*** Exercise data ***
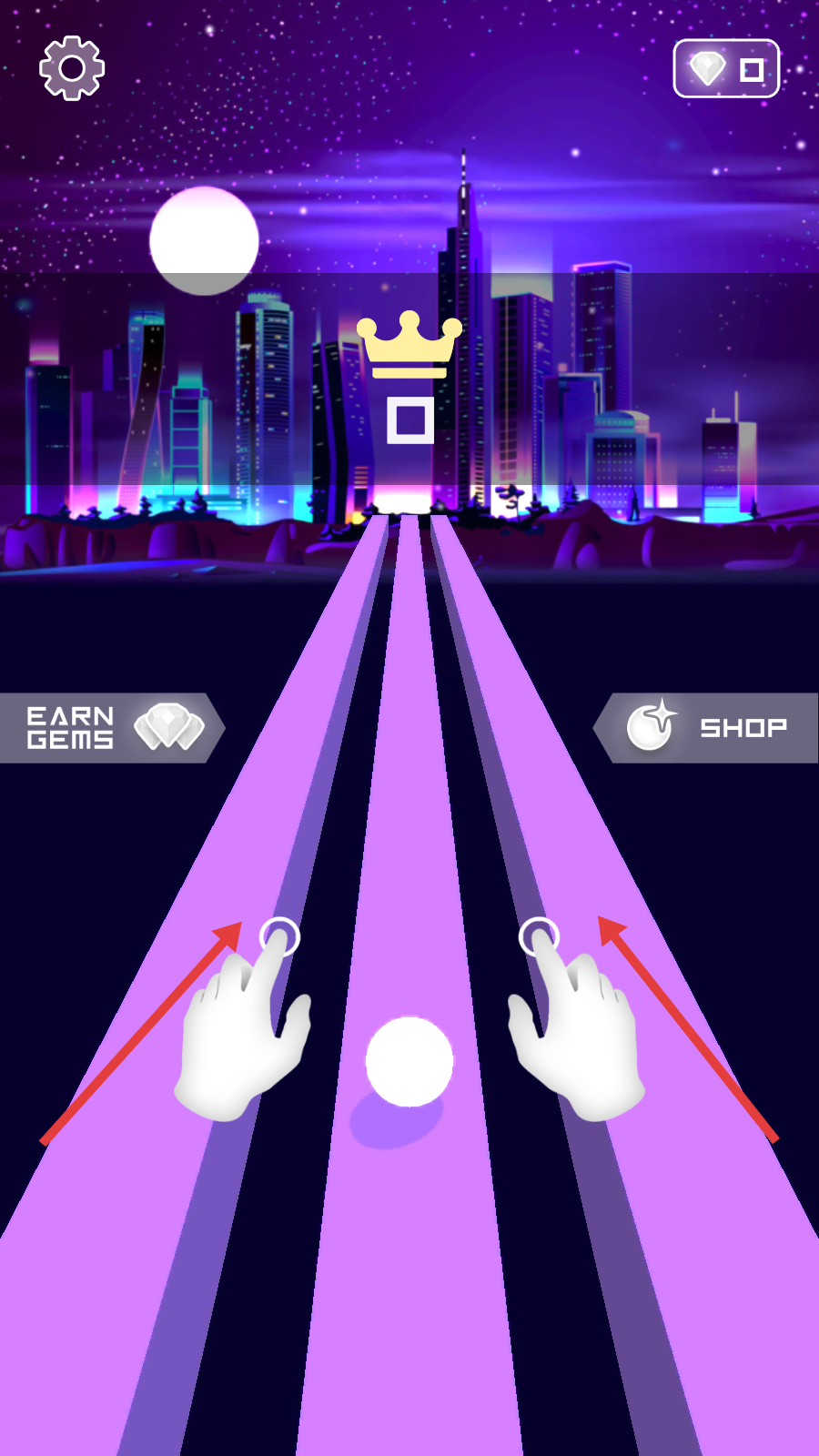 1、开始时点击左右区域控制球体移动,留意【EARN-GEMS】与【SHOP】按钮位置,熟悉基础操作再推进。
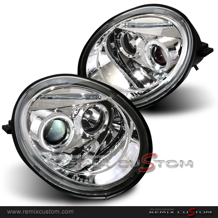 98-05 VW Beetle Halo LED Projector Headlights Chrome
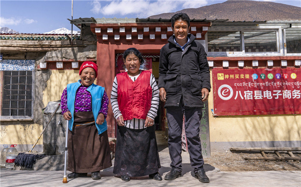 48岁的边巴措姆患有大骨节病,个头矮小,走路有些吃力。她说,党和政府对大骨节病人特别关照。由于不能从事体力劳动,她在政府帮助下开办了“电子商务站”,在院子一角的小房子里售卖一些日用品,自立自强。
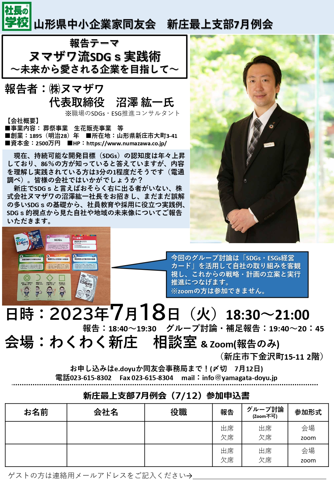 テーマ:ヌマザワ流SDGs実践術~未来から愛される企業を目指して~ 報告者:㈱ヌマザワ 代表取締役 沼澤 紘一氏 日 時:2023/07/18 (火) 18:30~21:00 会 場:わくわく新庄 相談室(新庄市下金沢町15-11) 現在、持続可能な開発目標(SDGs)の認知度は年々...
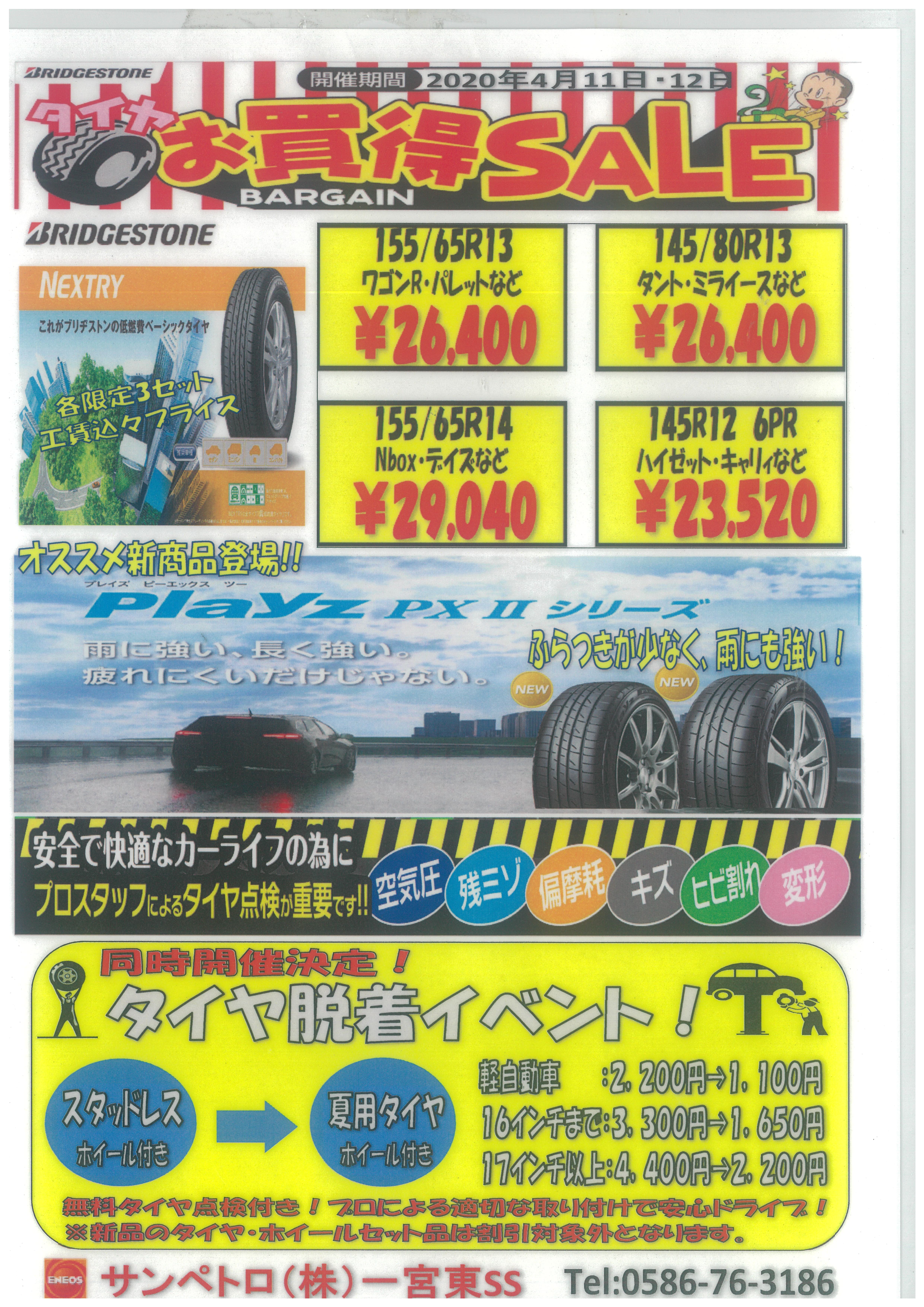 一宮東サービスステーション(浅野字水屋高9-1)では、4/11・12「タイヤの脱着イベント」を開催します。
***
*** Exercise data ***
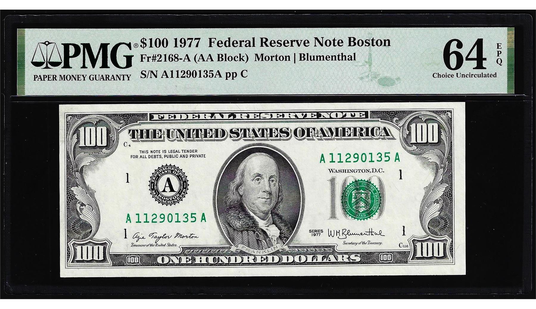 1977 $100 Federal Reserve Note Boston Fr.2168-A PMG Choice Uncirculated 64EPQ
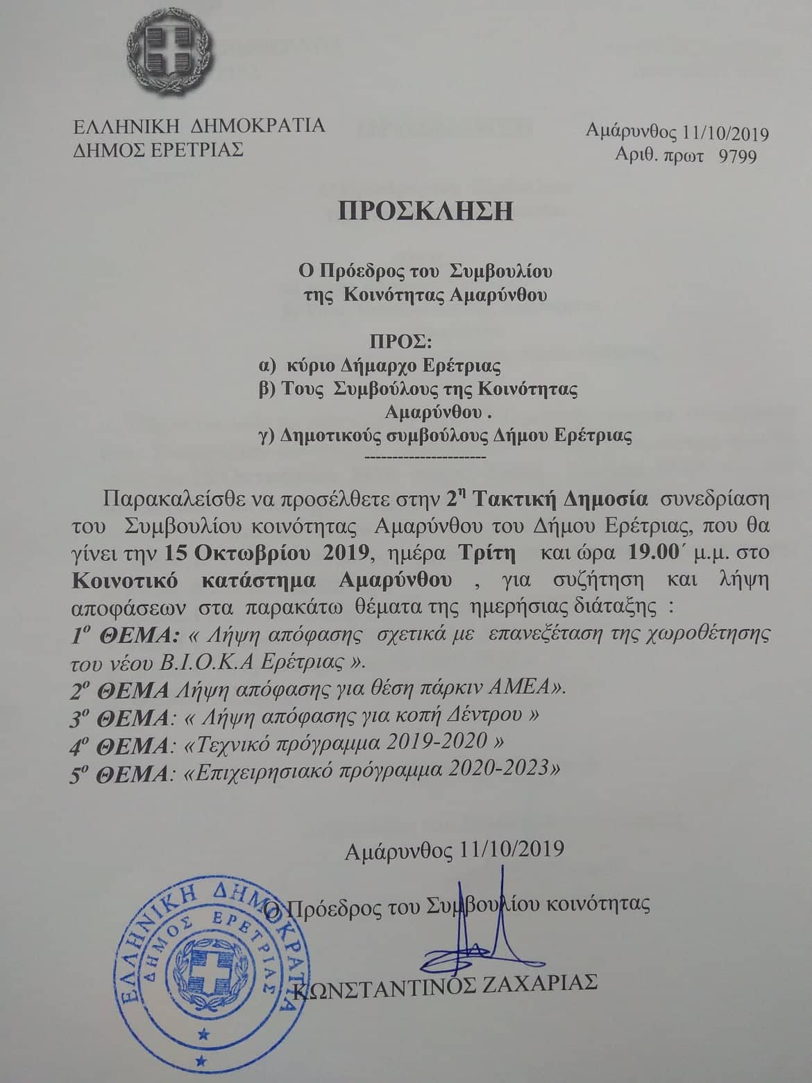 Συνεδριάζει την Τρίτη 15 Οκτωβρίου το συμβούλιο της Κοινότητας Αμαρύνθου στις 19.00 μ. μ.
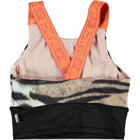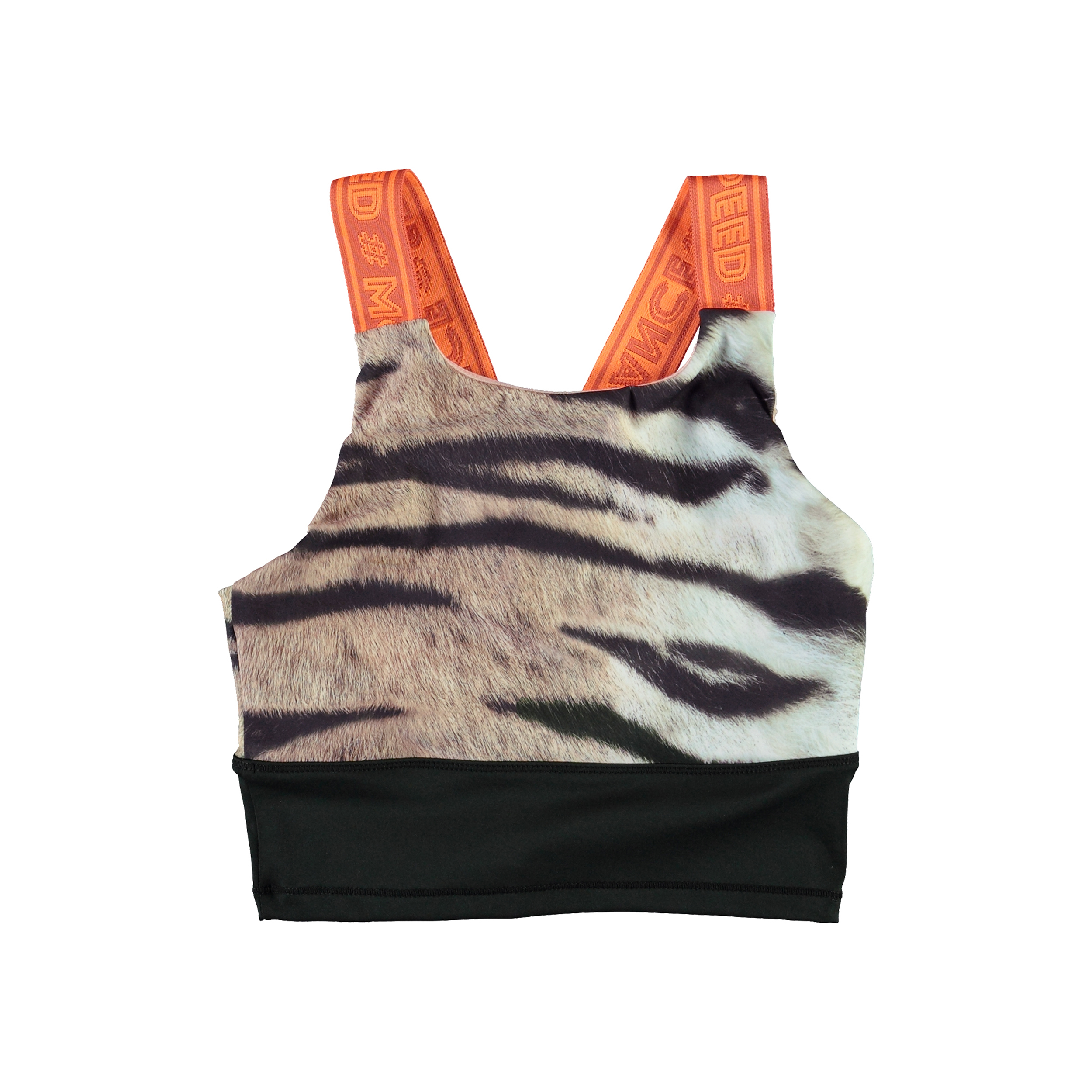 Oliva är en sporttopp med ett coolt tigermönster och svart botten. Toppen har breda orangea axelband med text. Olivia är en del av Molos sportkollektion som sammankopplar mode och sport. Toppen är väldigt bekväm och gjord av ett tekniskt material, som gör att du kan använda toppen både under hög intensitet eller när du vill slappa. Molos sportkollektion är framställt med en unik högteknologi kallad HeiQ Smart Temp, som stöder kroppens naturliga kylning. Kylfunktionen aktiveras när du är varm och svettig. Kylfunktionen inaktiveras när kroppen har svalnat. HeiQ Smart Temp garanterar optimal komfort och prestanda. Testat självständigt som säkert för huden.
***
Your objective - Beginning at the line above that contains "98-05 VW Beetle", repeat each line exactly through the one that contains "一宮東サービスステーション(浅野字水屋高", and leave out the pictures.

Result of the exercise -
 98-05 VW Beetle Halo LED Projector Headlights Chrome
 48岁的边巴措姆患有大骨节病,个头矮小,走路有些吃力。她说,党和政府对大骨节病人特别关照。由于不能从事体力劳动,她在政府帮助下开办了“电子商务站”,在院子一角的小房子里售卖一些日用品,自立自强。
 テーマ:ヌマザワ流SDGs実践術~未来から愛される企業を目指して~ 報告者:㈱ヌマザワ 代表取締役 沼澤 紘一氏 日 時:2023/07/18 (火) 18:30~21:00 会 場:わくわく新庄 相談室(新庄市下金沢町15-11) 現在、持続可能な開発目標(SDGs)の認知度は年々...
 一宮東サービスステーション(浅野字水屋高9-1)では、4/11・12「タイヤの脱着イベント」を開催します。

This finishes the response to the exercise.